# auguri Manuel M!!!



## winnie

Manuel M reached 1000 level!!!

thank you very much for your clever & witty contribution.


----------



## Elisa68

Well, well, well. I have checked all your posts and they are incredibly helpful...all but one... this one...which I would delete ASAP!!!!   


*nifrahlek!*​

Elisa


----------



## lsp

If anyone epitomizes the spirit of WR, it is Manuel_M. 
1000 times helpful, 1000 times thoughtful, 1000 times generous.... 

*1000 thanks!
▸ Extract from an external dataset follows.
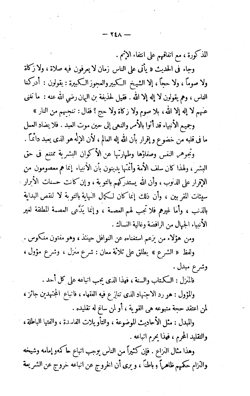 فالمنزل الْكتاب وَالسّنة فَهَذَا الَّذِي يجب اتِّبَاعه عَليّ كل أحد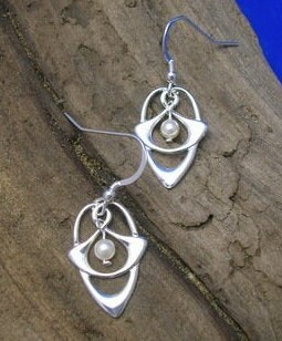 This lovely solid silver and pearl pendant draws inspiration from the sweeping forms of the Art Nouveau period and the strapwork elements of Celtic design. It is hand made in solid sterling silver by Philip Tulley and features a single premium crystal faux pearl.

Mille grazie!*​


----------



## Lancel0t

Congratulations!


----------



## Jana337

_* 1000 x nirringrazzjak *_
 
_* I tuoi post sono Manuelissimi! *_
​


----------



## Alfry

it's always a privilege to read your posts.

grande Manuel


----------



## Manuel_M

Grazie a tutti!! non solo degli auguri ma anche, e soprattutto, dell'aiuto che mi date.


----------



## rom_itn

Sorry for been late to the party..  

Auguri M:M!! Parli inglese ed italiano meglio di nativi!!!
Cheers!!
Rom


----------



## Manuel_M

Thanks....

I'm somewhat   at your generous exaggeration.


----------